The show-stopping tasting menus of today are reminiscent of 17th-century Dutch Golden Age binges on canvas: still lifes of over-laden tables filled with food intended to focus our minds on economic abundance (it was not called the Golden Age for nothing), temptation, and a soupçon of sex versus morality. Mounds of costly foodstuffs, as shown in Joris van Son’s Still Life with a Lobster were genuinely served up in reality. These images are part of more than 300 works on display in Feast and Fast, a remarkable and highly entertaining exhibition exploring historical customs surrounding Western eating at the Fitzwilliam Museum in Cambridge.
The exhibition’s curators explain how the bills of fare of great Baroque feasts often read like inventories rather than menus. Take, for example, that for James II’s coronation banquet in Westminster Hall in 1685. We learn that the king and his new wife, Maria di Modena, sat down alone to a table laden with 170 different dishes. One consisted of “twenty four puffins, cold” and another of “four fawns, two larded”. Although van Son appeared satisfied with a single lobster on his still life table, and Per Se in New York offers just one morsel of Maine lobster on its tasting menu, their majesties had 12 on theirs.

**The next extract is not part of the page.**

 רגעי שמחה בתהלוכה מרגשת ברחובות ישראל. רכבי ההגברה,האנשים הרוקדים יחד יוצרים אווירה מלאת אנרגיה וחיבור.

The exhibition is a curated cornucopia overflowing with paintings, prints and objects from the 15th to 18th centuries, demonstrating how food was as much about power, status and morality as filling an empty hole. Bedazzling dining room bling abounds; its craftsmanship not only astounds but also makes one feel a tad queasy at the unbridled flaunting of opulence. Tableware wrought in gold and silver, known as plate, was a perfect way to show off in elite circles for the sheer hell of it.
One object stands out as particularly outlandish: a spectacular cup which was created in London in 1585 by an Antwerp goldsmith. It was made out of an exotic nautilus shell from south-east Asia, encased in an elaborate silver gilt setting. A figure of Neptune, bronco-busting a dolphin, forms the stem; and as if that were not enough, a giant silver lobster crawls inside the cup, ready to stick his frightful pincers up your nostrils.

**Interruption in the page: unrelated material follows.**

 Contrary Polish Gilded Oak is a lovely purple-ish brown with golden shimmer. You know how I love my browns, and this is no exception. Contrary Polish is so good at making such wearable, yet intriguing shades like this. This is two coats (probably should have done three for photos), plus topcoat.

Besides such nightmarish ostentation are delightful examples of table paraphernalia, designed to amuse or surprise. The porcelain soup tureen on page 58 was made in Chelsea in 1755. The manufacturers stressed the rabbit should be “as large as life”, the idea being that when placed on the table, diners would be deceived into thinking that a cuddly rabbit, daubed in lilac-brown glaze and munching a cabbage leaf, was real. Well, why not?
The prize for sheer inventiveness must surely go to the bizarre tureen and cover in the form of a trussed roast capon. In the late 1790s, due to war with France and several failed harvests, flour was in short supply and the authorities forbade its use in pastry. Staffordshire potters rose to the challenge by making stoneware dishes to mimic pie crusts. This tureen would have been made to hold a poultry or game pie. The attention to detail is extraordinary if not outright weird: the makers even included holes to show where the “bird” had been removed from the spit, as well as giving it a golden-brown roasted glaze.

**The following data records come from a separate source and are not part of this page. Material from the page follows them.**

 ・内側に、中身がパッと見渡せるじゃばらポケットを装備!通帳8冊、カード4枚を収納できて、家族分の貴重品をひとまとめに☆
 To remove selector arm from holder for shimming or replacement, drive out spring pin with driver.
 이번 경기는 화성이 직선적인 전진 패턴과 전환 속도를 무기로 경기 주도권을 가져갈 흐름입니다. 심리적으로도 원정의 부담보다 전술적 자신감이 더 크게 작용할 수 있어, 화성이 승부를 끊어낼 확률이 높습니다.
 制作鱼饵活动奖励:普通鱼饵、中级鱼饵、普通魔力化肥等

Eating made our ancestors anxious, although perhaps not in the same self-absorbed, Instagrammable ways of privileged 21st-century influencers and celebrity chefs. Gluttony was a deadly sin, and as the curators point out, in this early-modern period, people had to fast because the Church told them to. The current 5:2 diet craze seems lame in comparison. Incidentally, servants were always forced to fast—no meat, no dairy—but if you were rich enough you could pay your way out of abstinence with a small fine.
In 1691 the writer and merchant, Thomas Tryon, advocated veganism as the way to have a long, happy and by implication, devout life: in his view God created the earth along with Adam and Eve, and animals were created to keep them company, so man, as created by God, was originally a vegan.
A 17th-century drawing by Jacob III de Gheyn shows a duck, plucked alive and hung up by its neck and one leg. Another from the 1550s shows the barbaric practice of hunting cranes, (a delicacy), which involved luring the poor birds to stick their beaks into paper hoods smeared with sweet-tasting glue; the hunters hide behind a tree waiting to trap them. Thus the word hoodwinked, according to the curators.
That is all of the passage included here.